Gourmandise
Living in Paris makes it impossible for
us to ignore the huge part food plays in the culture of France. I realised
I'd really turned the corner (for better or worse) when one evening I
found myself jumping on a bus to buy a baguette from my
favourite Boulangerie - but later I realised it was 45 minutes out of
my way! Changed days since London - for example, it would be impossible to imagine any
French person spending their "lunch-hour" hunched over a PC, a trying
to balance a Pret a Manger sandwich, a mouse and a telephone (like I used to in the bad
old days). It took time to adjust to the ryhthm of life here but I've definitely adapted now. On a really busy day it can be frustrating if the only time I have to make phonecalls is between 12.30 and 2pm (nobody is ever available - sacred-time) but that simply forces me to go and take a break myself and sometimes I need to be reminded to do that. When I first came here I often requested to schedule meetings at 12.30 or 1pm - people looked at me as if I were nuts. I know better now.
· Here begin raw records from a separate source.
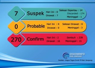 Dari jumlah 270 itu masih dalam perawatan 16 pasien, dinyatakan sembuh 239 orang dan meninggal dunia 15 orang.
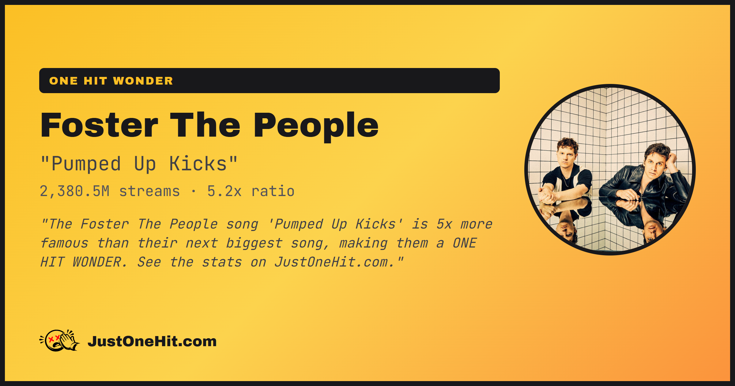 "The Foster The People song 'Pumped Up Kicks' is 5x more famous than their next biggest song, making them a ONE HIT WONDER. See the stats on JustOneHit.com."
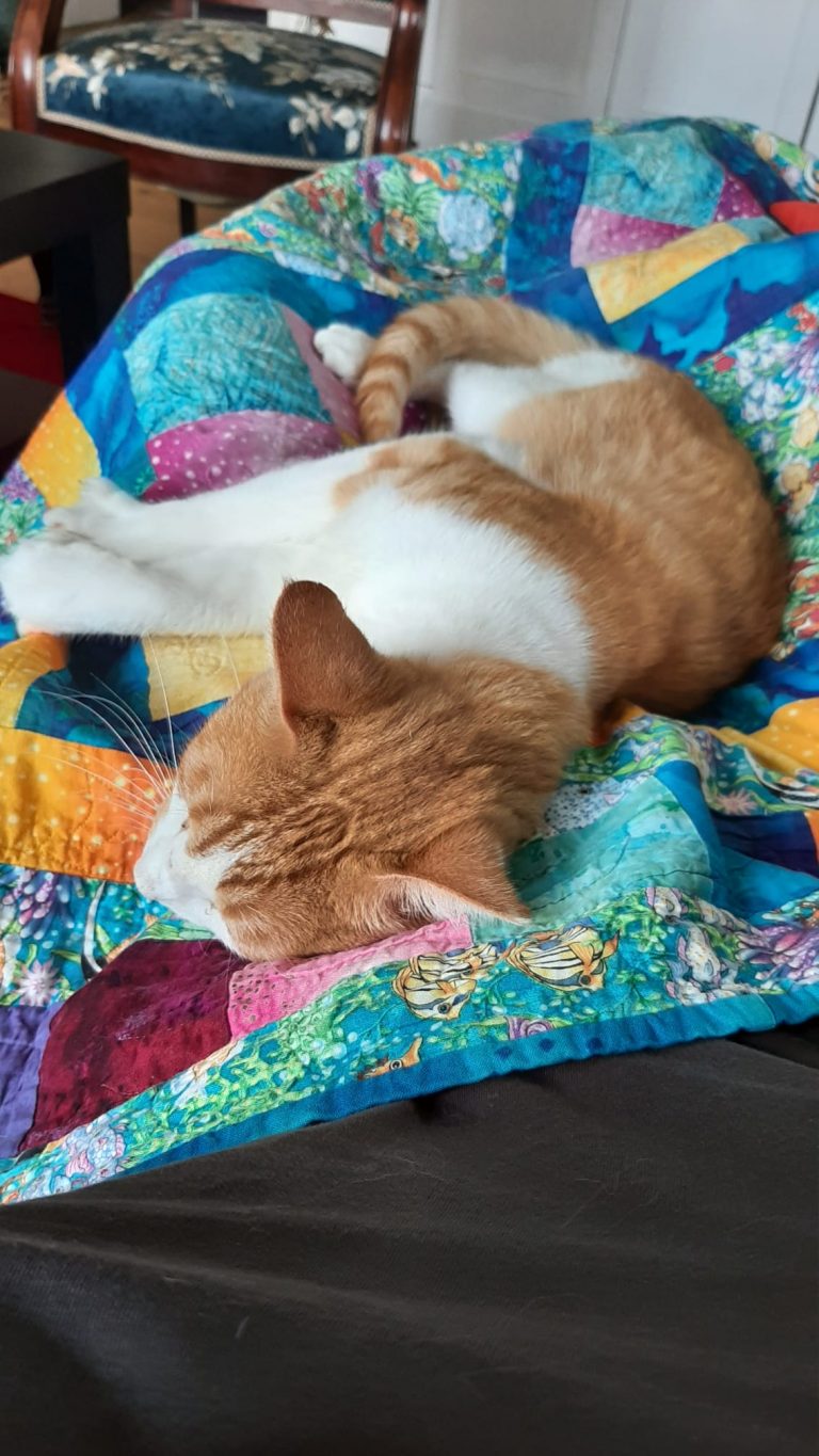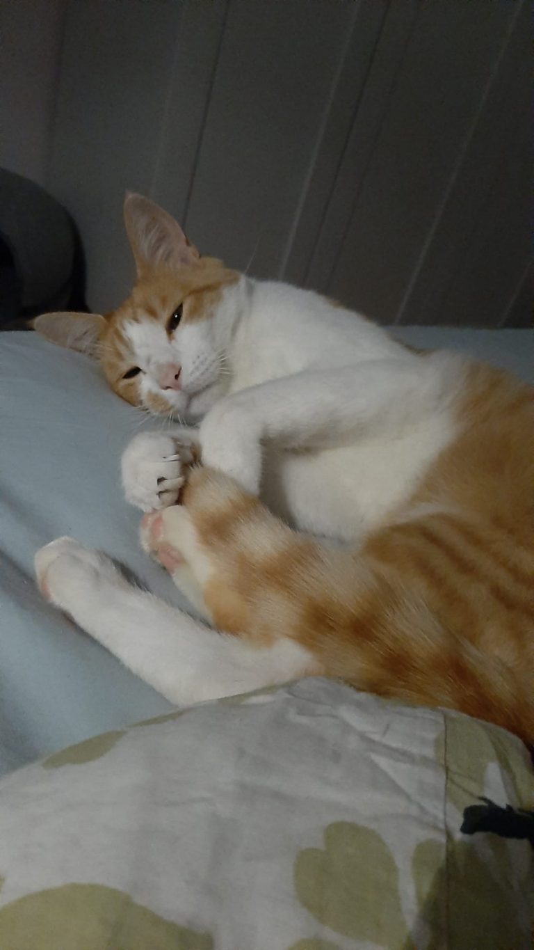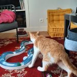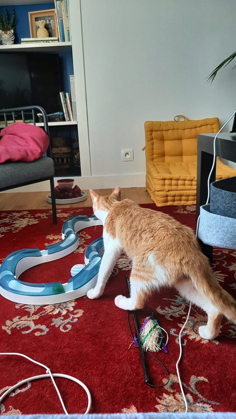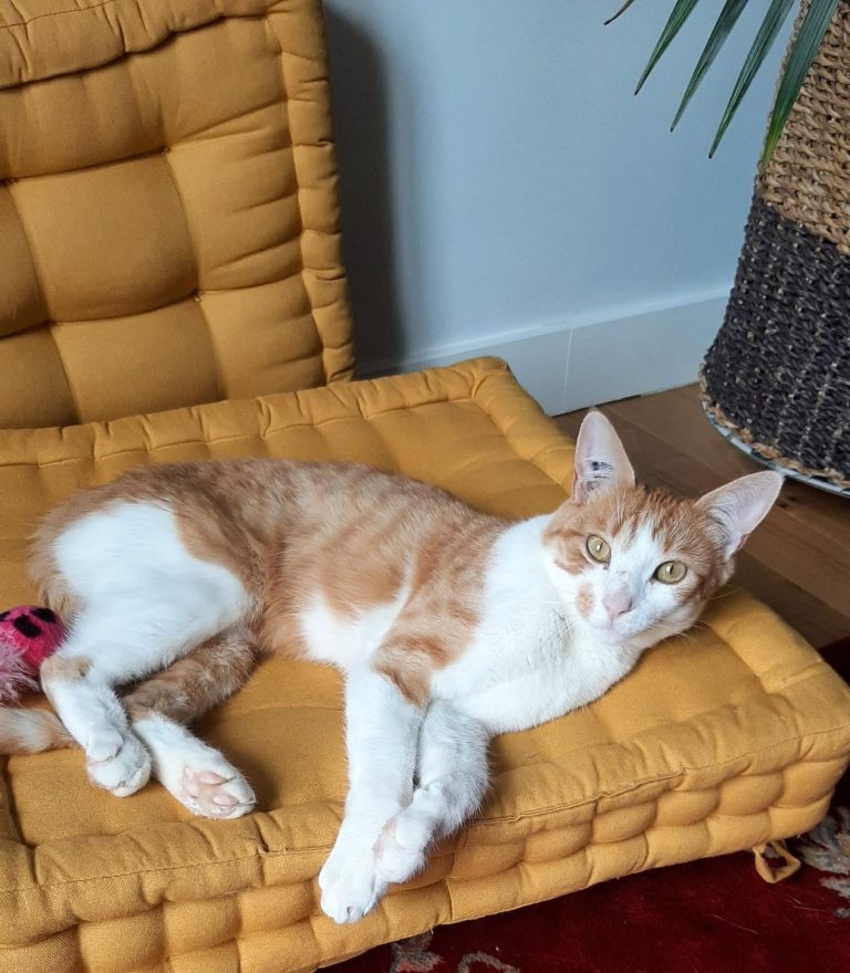 Voici ce que dit sa famille d'accueil : "Okapi est vraiment un chat super sympa, joueur et câlin. Les bruits et mouvements imprévus le font sursauter mais ça s'améliore de jour en jour. Il se laisse brosser facilement, le coupage des griffes est plus ardu mais j'ai trouvé une technique qui fonctionne. Il mange bien les croquettes et réclame sa pâté le matin"
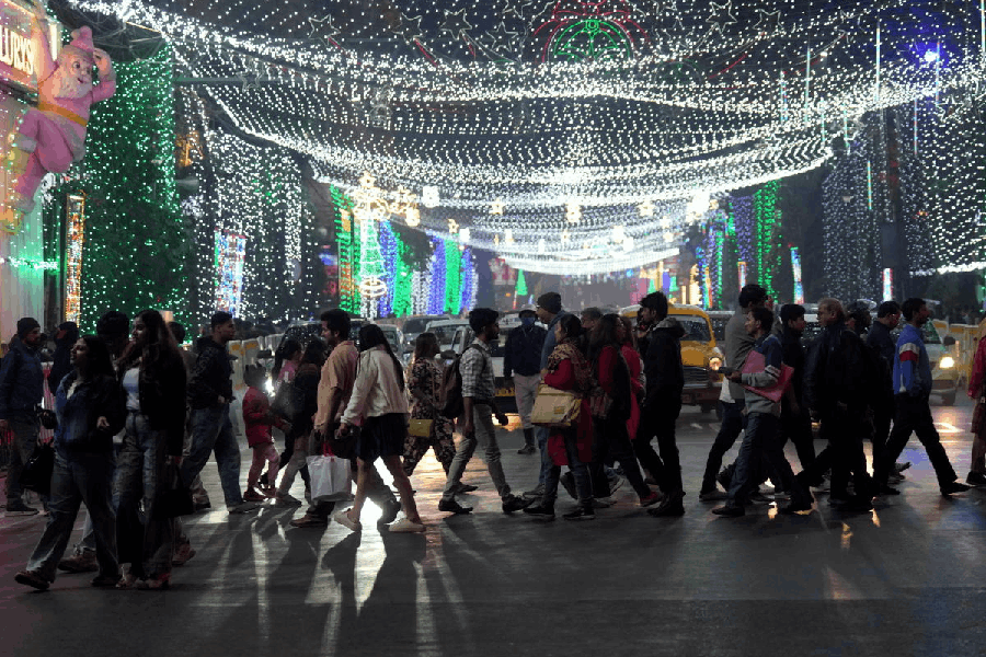 Visitors cross a road as they gather on New Year’s eve at Park Street, in Kolkata, Wednesday, Dec. 31, 2025. (PTI)
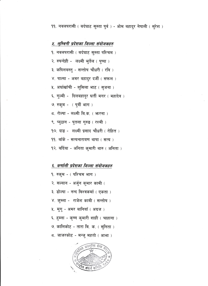 लुम्बिनी प्रदेशका जिल्ला संयोजकहरु :
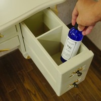 90cmとコンパクトなサイズですが、右側の引き出しのは18cmの長い瓶もラクラク収納!中央で仕切られているので、2箇所も使えます。中央部分にはアクセサリー、左側にはナイトクリームなどの低い容器にお勧めです。また、ミラーを外せば、デスクとしても使えます。
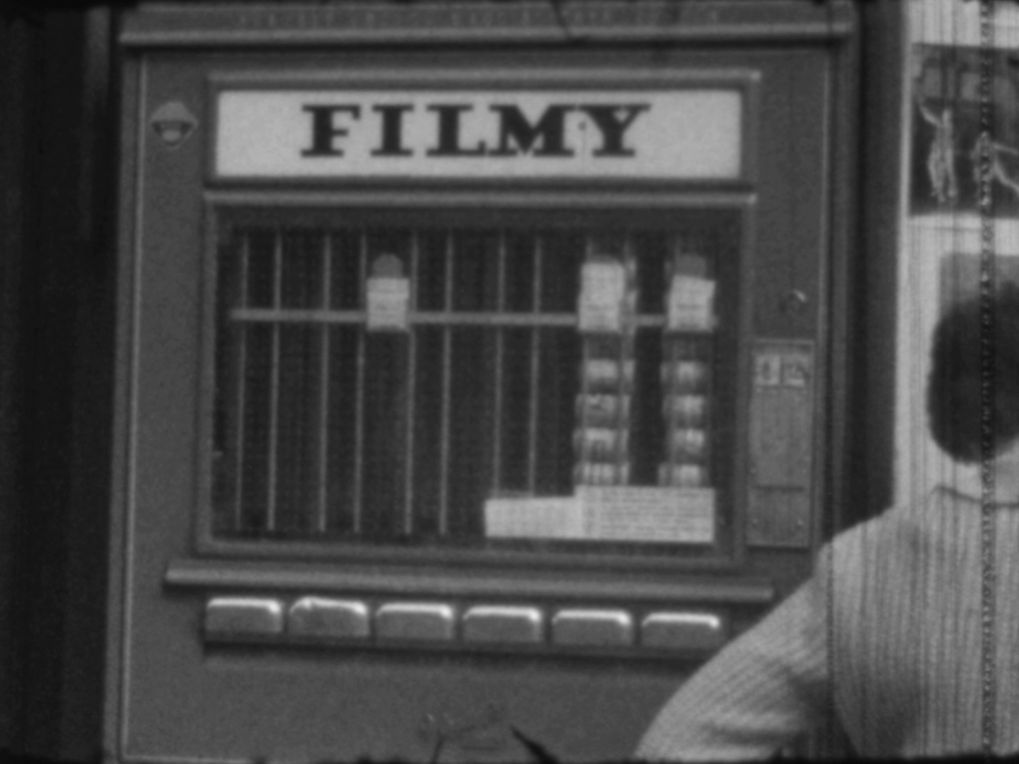 Voyage en autocar. Un énorme barrage hydroélectrique. Des constructions récentes et des immeubles en construction. Des vitrines de magasins (mannequins en vitrine, bouteilles de vin, conserves, magasin d’appareils cinématographiques, maroquinerie, magasin de porcelaine. Un cinéma (Filmy inscrit sur le guichet) Des passants et des automobile, les trottoirs et passages piétons. Une route de campagne, les paysages défilent par la fenêtre du bus
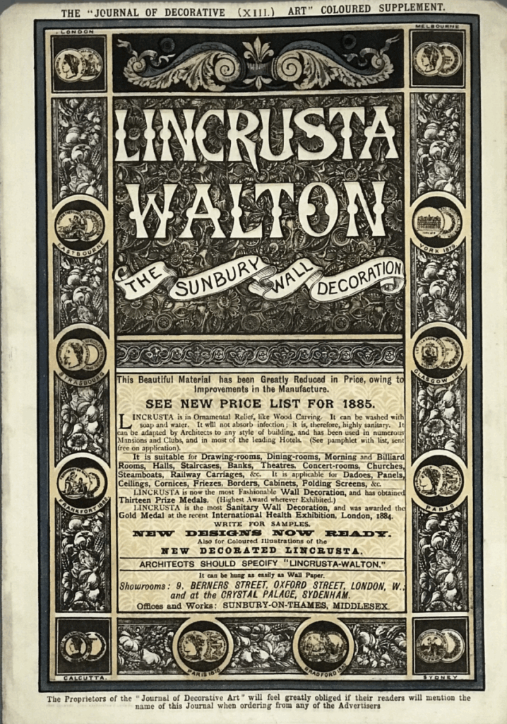 An advertisement for Lincrusta-Walton, also known as The Sunbury Wall Decoration, acquired for our collection with thanks to Carl Burgess, CB Fine Painting, USA.
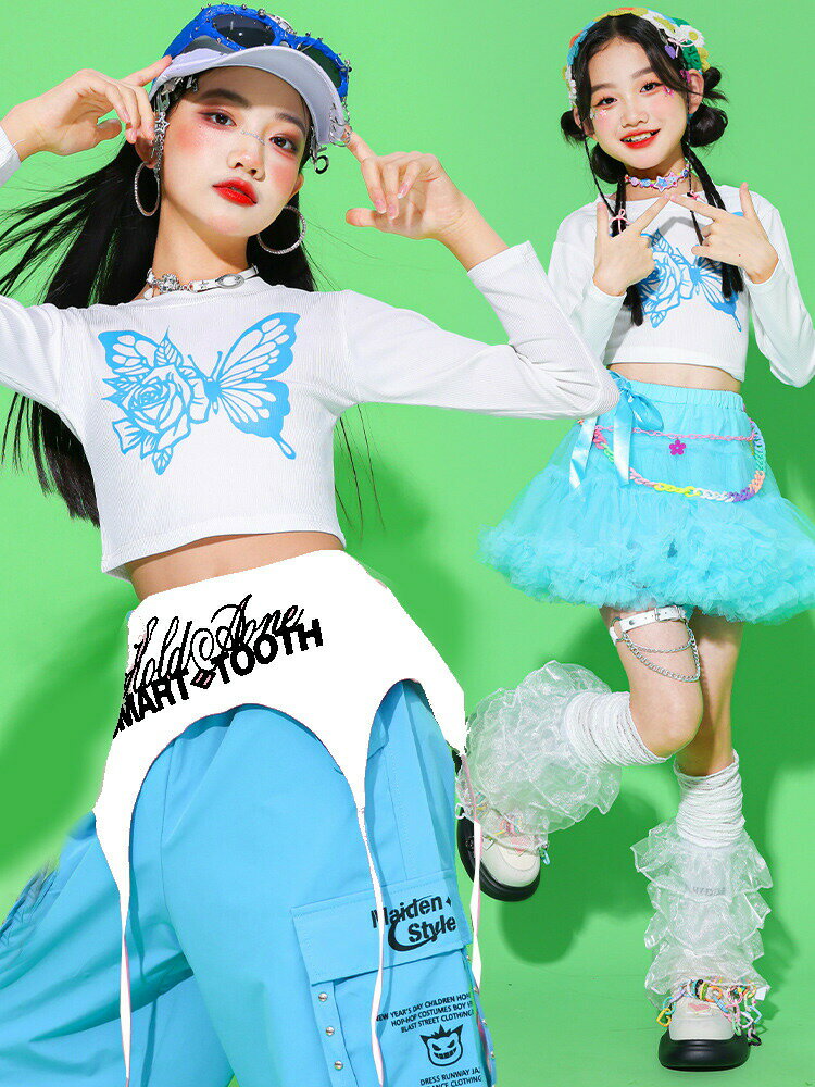 ブルー チュチュ キッズ ダンス服 チュールスカート カーゴパンツ 水色 女の子 セットアップ ガールズ ストリート系 ダンス衣装 ジャッズ 日常着 ジュニア jazz K-POP オシャレ 練習着 団体服 応援団 発表会 110-180
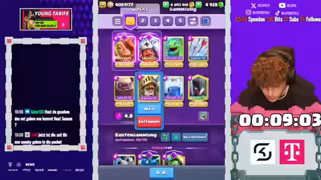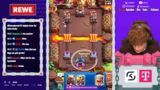00:10:50Der Streamer erwähnt seine Erfolge im Duo-Modus, wo er mit seinem Partner Dominik Platz 45 erreicht hat und damit einen persönlichen Rekord brach. Anschließend startet die angekündigte 'Sneaky Golem Copy Challenge', in der er alleine gegen Gegner antritt. Hierbei wird jedes gegnerische Deck kopiert, aber jeweils eine Karte durch Golem ersetzt, um eine unfaire, aber unterhaltsame Herausforderung zu schaffen.
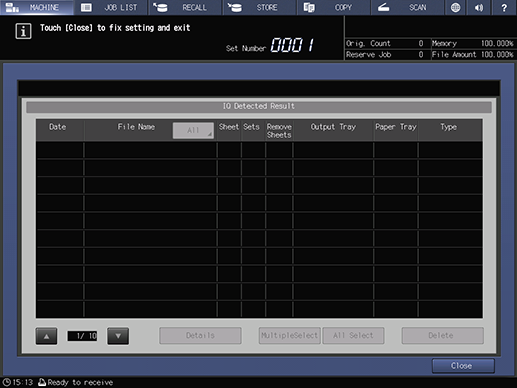 Touch panel - [MACHINE] - [IQ Detected Result]

But today, a treat. A client bought me a present of a day with Paule Caillat founder of Promenades Gourmandes. Paule's cooking school is legendary and she is the most wonderful feisty instructor (classes are small and intimate with only 3 or 4 attendees). She has a tight timescale to keep to and we start on the dot of 9am at Marché Richard-Lenoir where she steers us round to the best stalls and explains the secrets of finding the best produce. "Check the cartons", she whispers. "See those over their are plastic and it means this produce comes straight from the farm, those wooden ones are imported" (we are trying to stick to buying the best quality fruit and vegetable which are currently in season). Next stop a stomach churning in-depth look at some offal, then a poissonerie where we detour from the menu shopping because Paule can't resist the fresh scallops. After stopping by the boulangerie and the cave (Julien, 50 rue Charlot - for unpretentious advice from the young owners) we are back in the kitchen and set to work. About three hours later, we are full, satisfied and extremely ready for a nap. We've just eaten a delicious four-meal which we all helped to prepare and washed down with a thoroughly scrumptious wine. In the meantime we've gained a million and one secret tips, new ideas and insider knowledge of French food, all delivered in Paule's inimitable manner. We leave with recipes and notes on the best products, where to find them and for me, good intentions to take my turn a little more often in the kitchen.